- Chennur Location in Telangana, India Chennur Chennur (India)
- Coordinates: 18°51′13″N 79°46′57″E﻿ / ﻿18.8535°N 79.7826°E
- Country: India
- State: Telangana
- District: Mancherial

Government
- • Type: Municipality
- • Body: Chennur Municipality
- • Municipal Chairman: Peddinti Padma (INC)
- • Vice-chairman: Nayakapu Vinay(INC)

Area
- • Total: 24.53 km^{2} (9.47 sq mi)

Population (2011)
- • Total: 23,579
- • Rank: 72nd (Telangana)
- • Density: 961.2/km^{2} (2,490/sq mi)

Languages
- • Official: Telugu
- Time zone: UTC+5:30 (IST)
- PIN: 504201
- Vehicle registration: TS01, TS19 (New)
- Website: chennurmunicipality.telangana.gov.in

= Chennur, Mancherial district =

Chennur is a census town located in Mancherial district of the Indian state of Telangana. The town is located on the banks of Godavari river. Generally Godavari flows from west to east but the Godavari river in Chennur flows towards the north for 5 Kosa (15 km) hence it is known as "Panchkosha Uttara Wahini". And It is a Municipal Council and the headquarters of Chennur mandal.
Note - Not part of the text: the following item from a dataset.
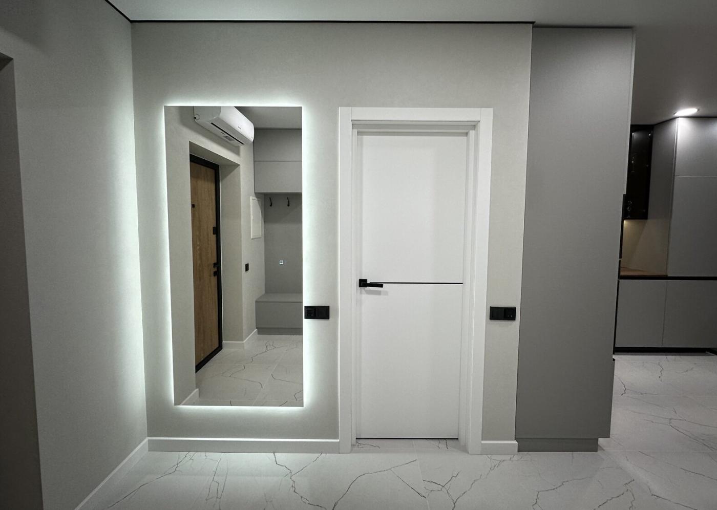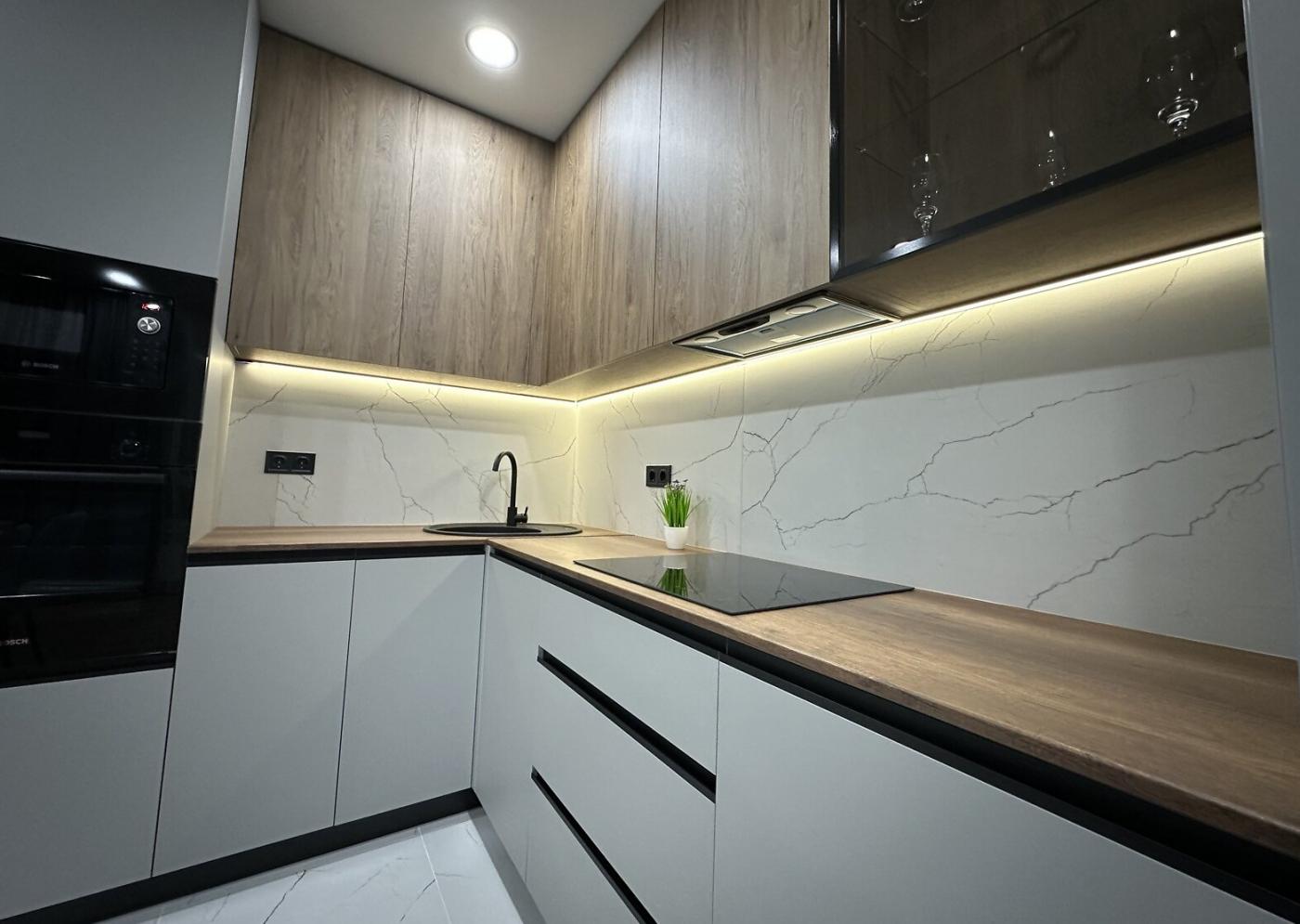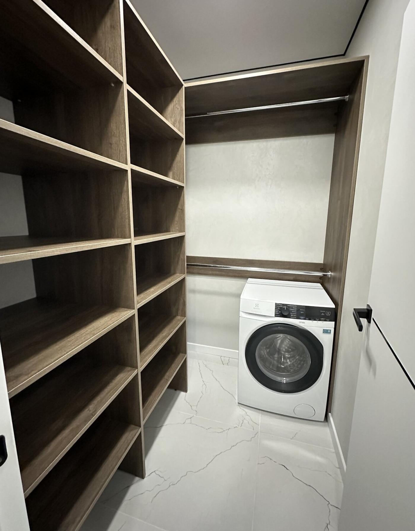 Усі меблі виготовлені на замовлення, ремонт виконаний у світлій кольоровій гамі з використанням якісних матеріалів.

The town is situated in Chennur mandal under Chennur revenue division and part of Chennur assembly constituency.

In October 2023, Chennur was constituted as a new revenue division in Mancherial district, Telangana.

== Civic administration ==
Chennur Municipality, Municipal Council Chennur (MCC) is the civic body that administers the city. it was constituted as a third grade municipality in the year 2018.

==Administrative divisions==
Chennur Mandal has 30 villages.

| Sl.No | Villages in the Mandal |
|---|---|
| 1 | Chennur |
| 2 | Buddaram |
| 3 | Sankaram |
| 4 | Kannepalle |
| 5 | Shivalingapur |
| 6 | Akkapalle |
| 7 | Chintapalle |
| 8 | Yellakkapet |
| 9 | Kistampet |
| 10 | Khambojipet |
| 11 | Lingampalle |
| 12 | Suddal |
| 13 | Bhamraopet |
| 14 | Kathersala |
| 15 | Narayanpur |
| 16 | Dugnepalle |
| 17 | Raipet |
| 18 | Angarajpalle |
| 19 | Kachanpalle |
| 20 | Gangaram |
| 21 | Asnad |
| 22 | Kommera |
| 23 | Sundersala |
| 24 | Narasakkapet |
| 25 | Pokkur |
| 26 | Chakepalle |
| 27 | Ponnaram |
| 28 | Somanpalle |
| 29 | Nagapur |
| 30 | Beervelli |

==Transport==
National Highway 63 passes through this town.